In Exodus 34, Moses made new tablets and the covenant was renewed with Israel. In the same chapter, Moses came down from Mount Sinai with the two tablets and his face shone. Paul is definitely making reference to Exodus 34. The reference to the Old Covenant being “written and engraved on stones” refers to the tablets of the Ten Commandments. It is clear that Paul is talking about the Old Covenant itself because the Ten Commandments are referred to as the words of the covenant: “He wrote on the tablets the words of the covenant, the Ten Commandments.” (Exodus 34:28). The Ten Commandments and the Old Covenant cannot be separated. Moreover, Moses broke the tablets of stone when Israel broke the covenant, this signifying that the Ten Commandments on the stones were the words of the covenant itself (Exodus 32:19). Also, the tablets were to be placed in the Ark of the Covenant (Deuteronomy 10:2), again linking the Ten Commandments on the stones to the Covenant itself. It is the Old Covenant Law, i.e. the Ten Commandments “written and engraved on stones” which was the “ministry of death” that was “passing away” as soon as it was given.

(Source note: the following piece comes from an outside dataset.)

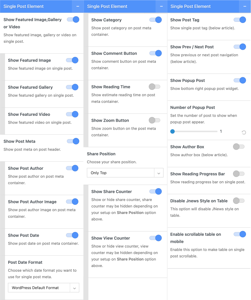 On JNews : Single Post Option, there are several section options that you will find :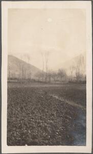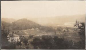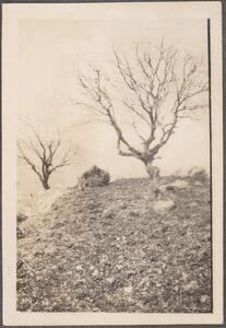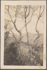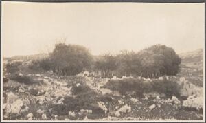 Depicts a view of the Peloponnese landscape. Handwritten caption “The wood on to Megalopolis road".

The Old Covenant was the “ministry of death.” With the giving of the Old Covenant, “three thousand men of the people fell that day” (Exodus 32:28). With the outpouring of the Holy Spirit at Pentecost, “that day about three thousand souls were added to them” (Acts 2:41). In this way are the Apostles words to be understood when he says, “God, who also made us sufficient as ministers of the new covenant, not of the letter but of the Spirit; for the letter kills, but the Spirit gives life” (2 Corinthians 3:6).
Though the Old Testament Law had glory or “was glorious,” it had “no glory” because it was “passing away.” But the glory of the New Testament is “much more glorious,” and “exceeds much more in glory” because it “excels” and “remains.” The Old Covenant was only a partial revelation of God whereas the New Testament was a complete revelation. When Moses asked to see God’s glory, God told him that he could see His back, but not His face (Exodus 33:12-23). Compared to the New Covenant, Paul said, “For it is the God who commanded light to shine out of darkness, who has shone in our hearts to give the light of the knowledge of the glory of God in the face of Jesus Christ.” (2 Corinthians 4:6). Moses could not see the fulness of God’s glory or His face, but Christians have the knowledge of the glory in the face of Jesus Christ. Figuratively speaking, we look upon God’s face unveiled and are transformed from glory to glory in contrast to Moses who put a veil over his face so that the children of Israel could not see what was passing. Paul explains:
Therefore, since we have such hope, we use great boldness of speech— unlike Moses, who put a veil over his face so that the children of Israel could not look steadily at the end of what was passing away. But their minds were blinded. For until this day the same veil remains unlifted in the reading of the Old Testament, because the veil is taken away in Christ. But even to this day, when Moses is read, a veil lies on their heart. Nevertheless when one turns to the Lord, the veil is taken away. Now the Lord is the Spirit; and where the Spirit of the Lord is, there is liberty. But we all, with unveiled face, beholding as in a mirror the glory of the Lord, are being transformed into the same image from glory to glory, just as by the Spirit of the Lord. (2 Corinthians 3:12-18)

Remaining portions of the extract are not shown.